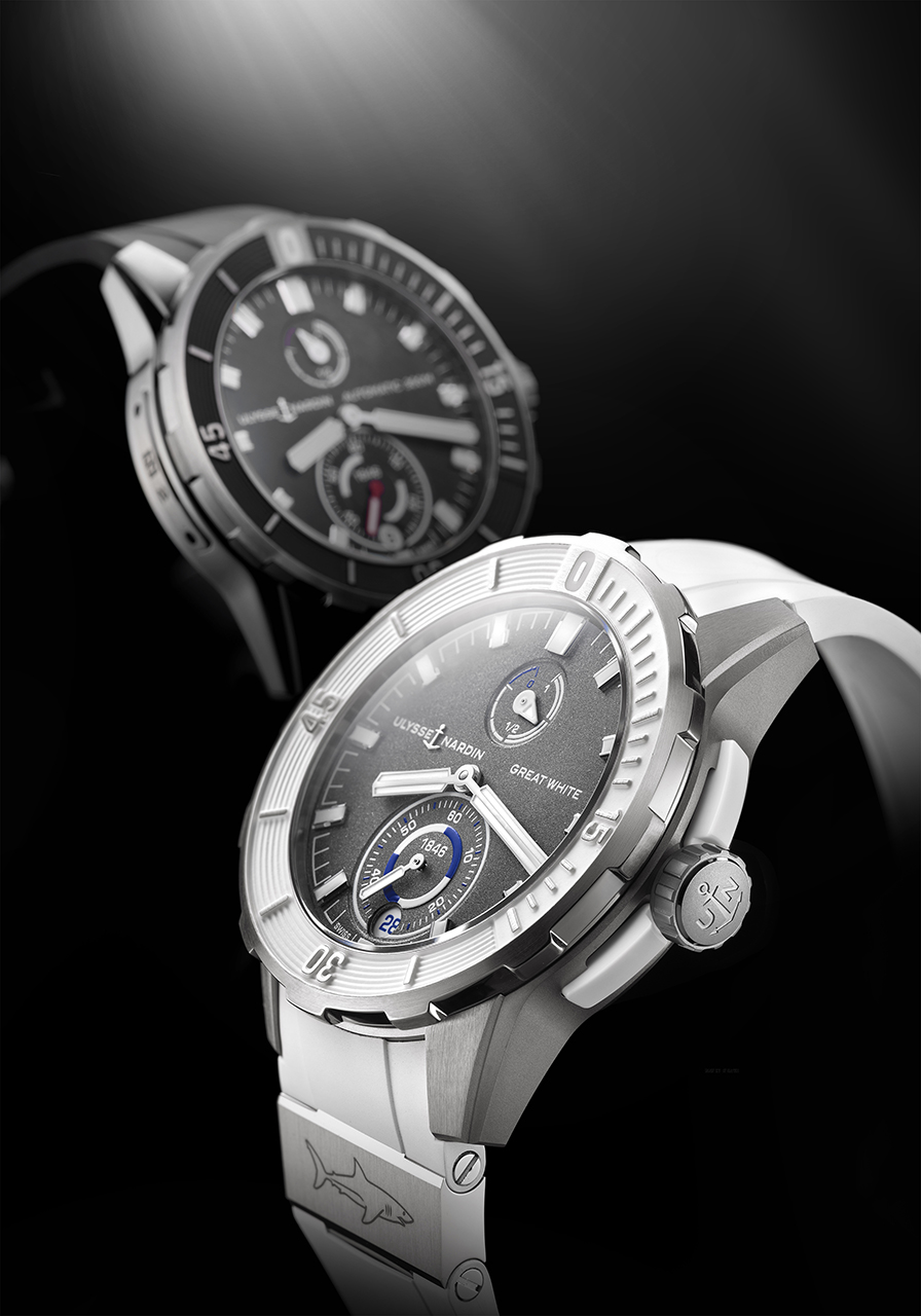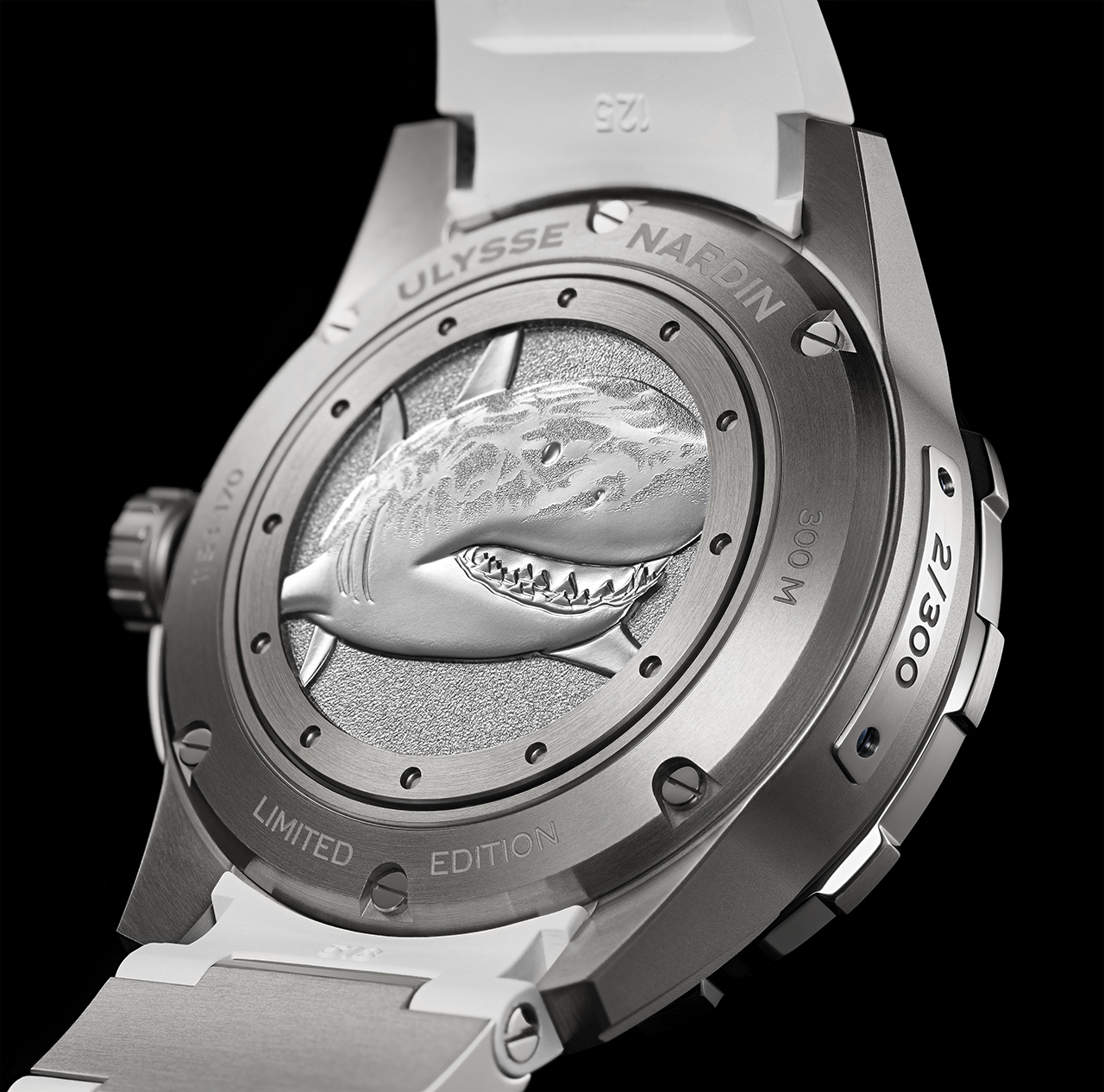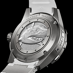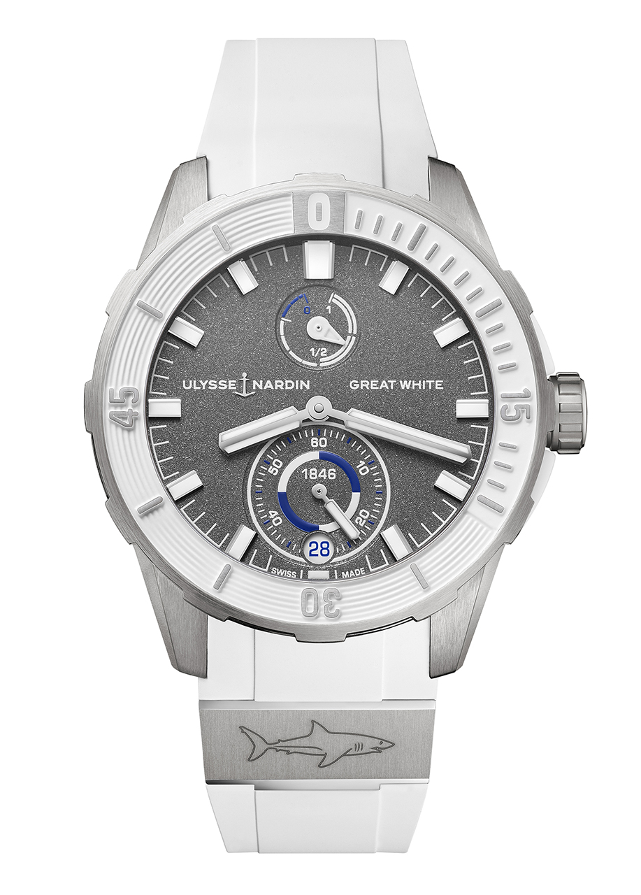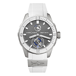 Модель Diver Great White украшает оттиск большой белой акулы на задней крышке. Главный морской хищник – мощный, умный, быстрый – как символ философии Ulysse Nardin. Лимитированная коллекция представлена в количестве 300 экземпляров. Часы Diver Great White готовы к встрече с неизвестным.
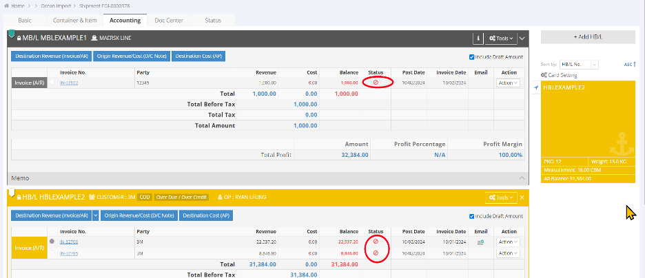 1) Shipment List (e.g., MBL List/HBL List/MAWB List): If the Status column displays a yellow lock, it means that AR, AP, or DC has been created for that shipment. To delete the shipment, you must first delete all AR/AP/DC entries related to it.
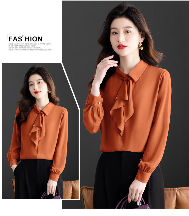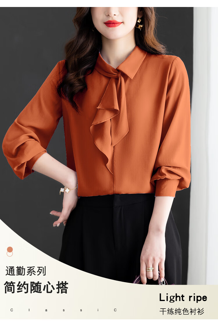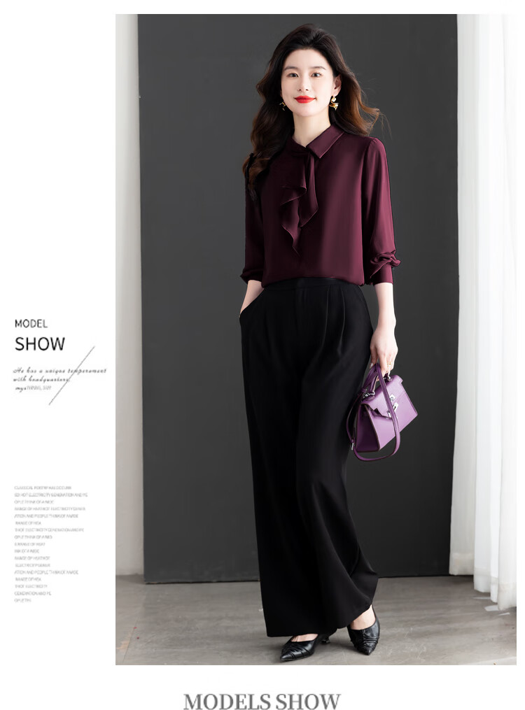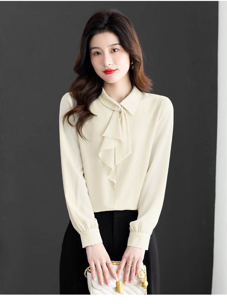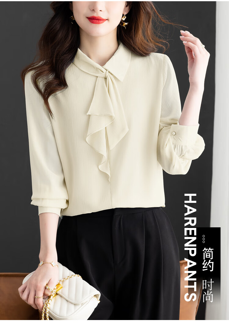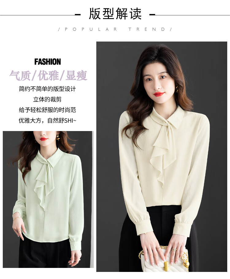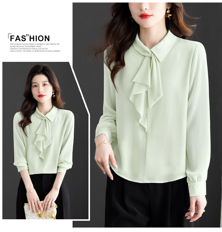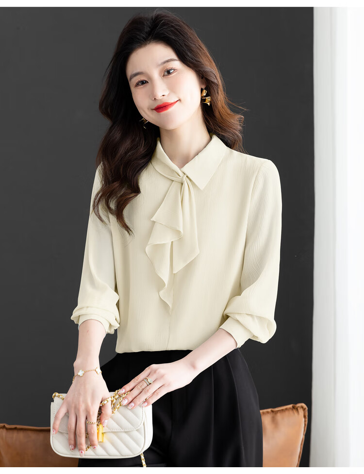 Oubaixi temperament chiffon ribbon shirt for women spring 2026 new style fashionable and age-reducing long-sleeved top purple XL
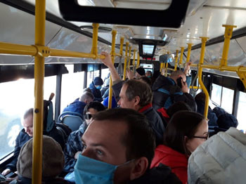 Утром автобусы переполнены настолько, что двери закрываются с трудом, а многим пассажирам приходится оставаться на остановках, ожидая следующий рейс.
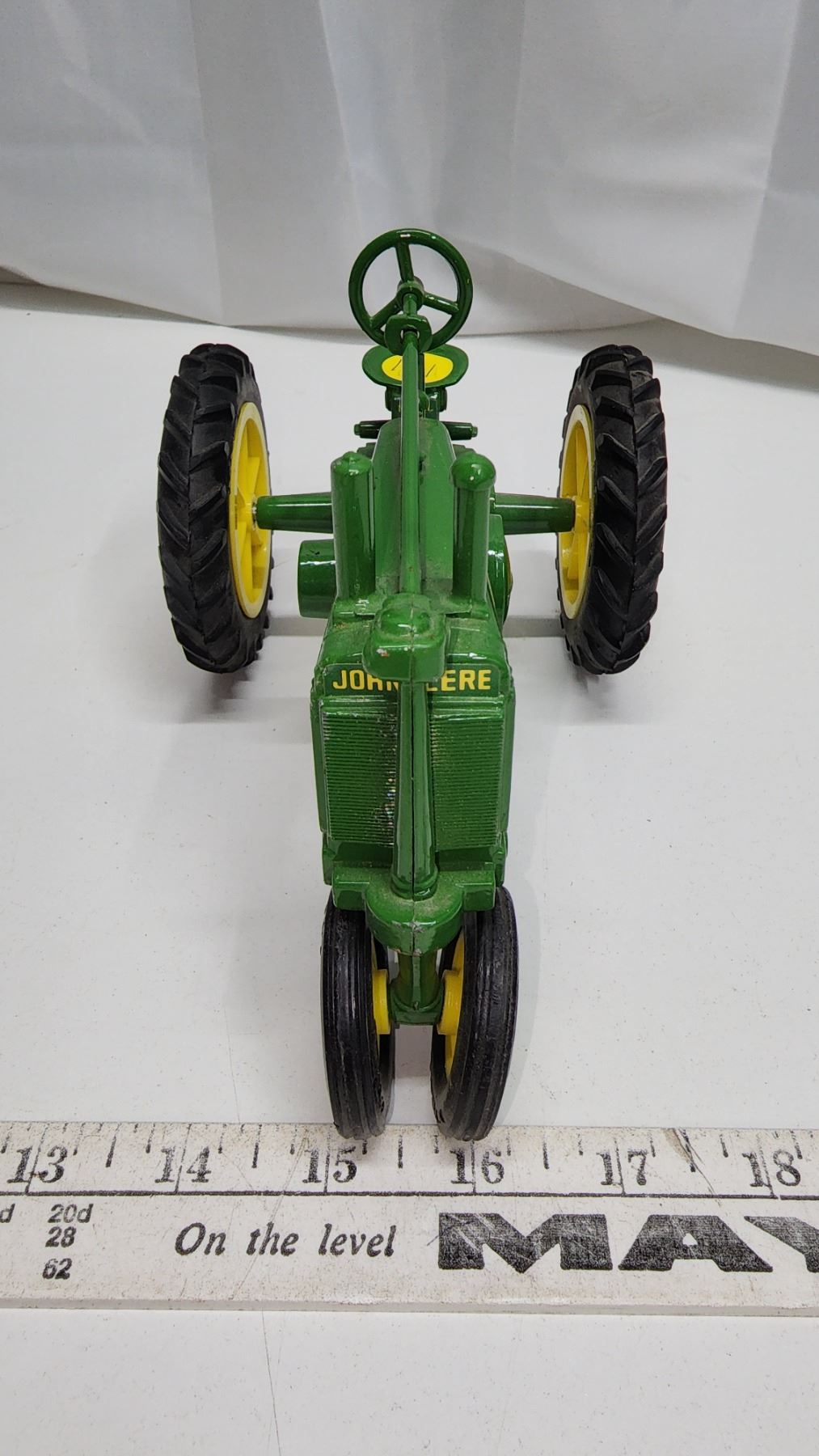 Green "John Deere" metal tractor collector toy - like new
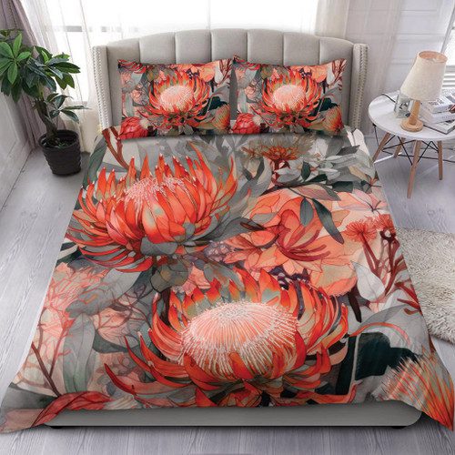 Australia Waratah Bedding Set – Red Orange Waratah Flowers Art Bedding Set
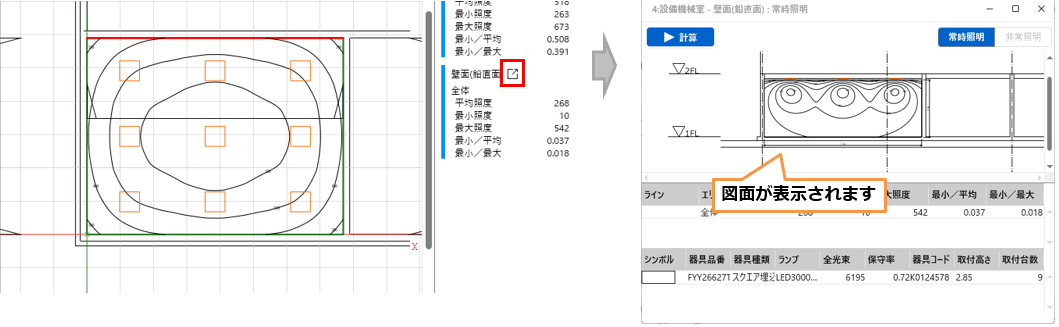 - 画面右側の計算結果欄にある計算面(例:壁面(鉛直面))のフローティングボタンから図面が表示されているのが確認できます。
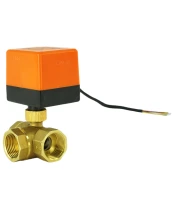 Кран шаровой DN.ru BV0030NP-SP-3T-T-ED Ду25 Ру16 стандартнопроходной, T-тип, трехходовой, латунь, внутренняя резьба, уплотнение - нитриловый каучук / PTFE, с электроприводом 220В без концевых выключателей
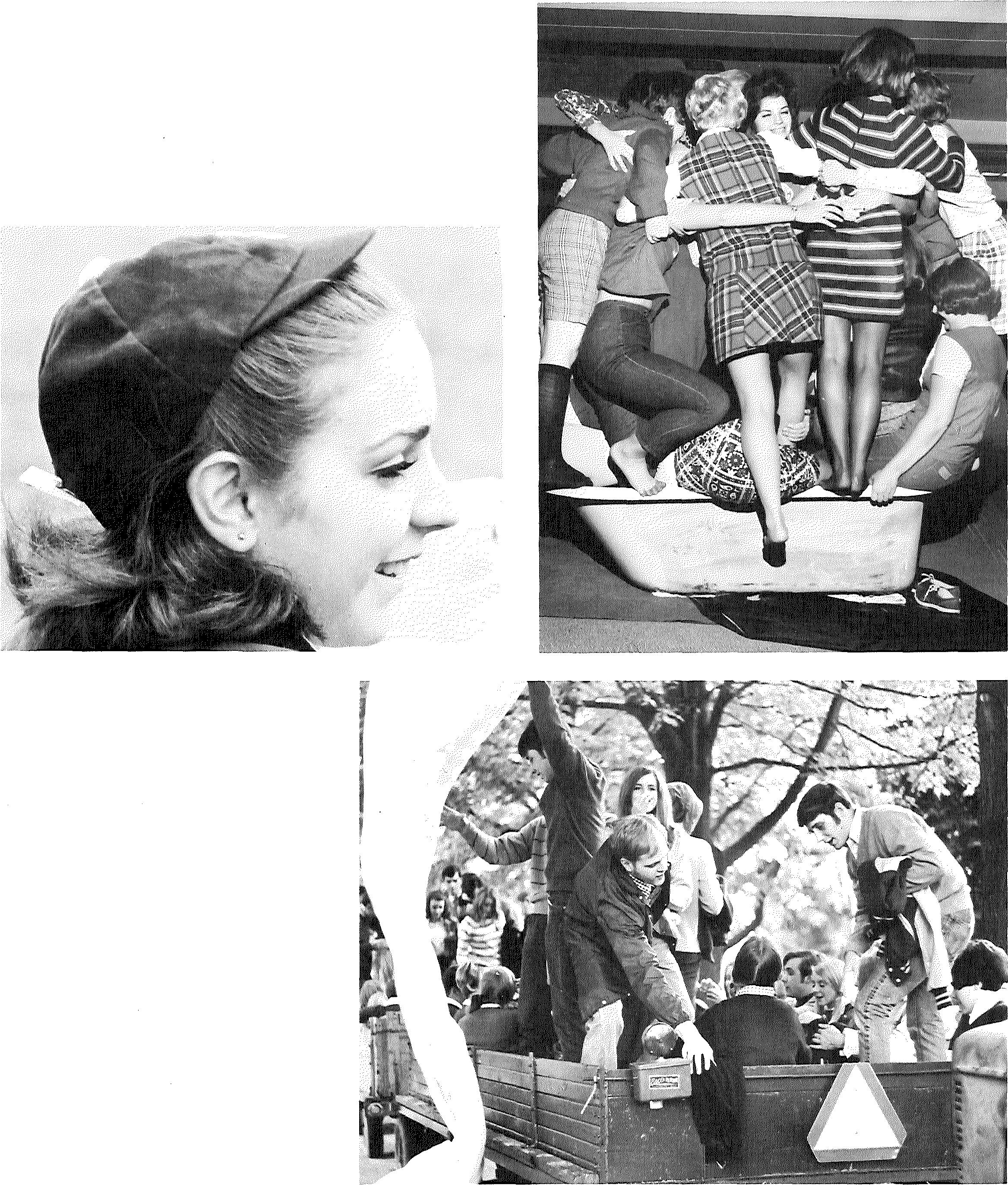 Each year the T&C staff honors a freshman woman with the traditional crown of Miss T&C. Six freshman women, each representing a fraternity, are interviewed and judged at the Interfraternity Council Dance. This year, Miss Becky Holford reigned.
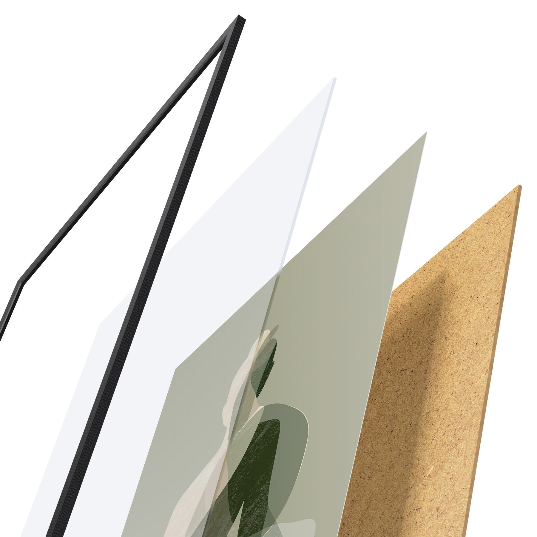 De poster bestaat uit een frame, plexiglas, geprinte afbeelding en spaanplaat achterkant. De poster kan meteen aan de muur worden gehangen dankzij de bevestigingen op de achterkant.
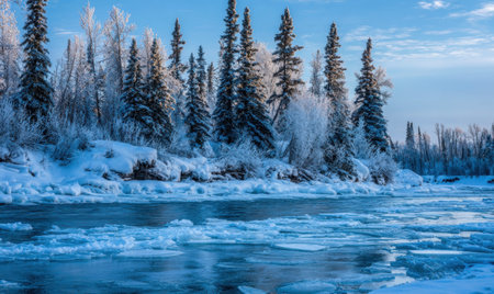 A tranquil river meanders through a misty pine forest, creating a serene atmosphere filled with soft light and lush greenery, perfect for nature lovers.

• **WHAT YOU ARE ASKED TO DO**: Emit the lines of the data above from the one containing "De poster bestaat" through its final line, both endpoints included. Pictures do not belong in the output.

• **ANSWER**:
 De poster bestaat uit een frame, plexiglas, geprinte afbeelding en spaanplaat achterkant. De poster kan meteen aan de muur worden gehangen dankzij de bevestigingen op de achterkant.
 A tranquil river meanders through a misty pine forest, creating a serene atmosphere filled with soft light and lush greenery, perfect for nature lovers.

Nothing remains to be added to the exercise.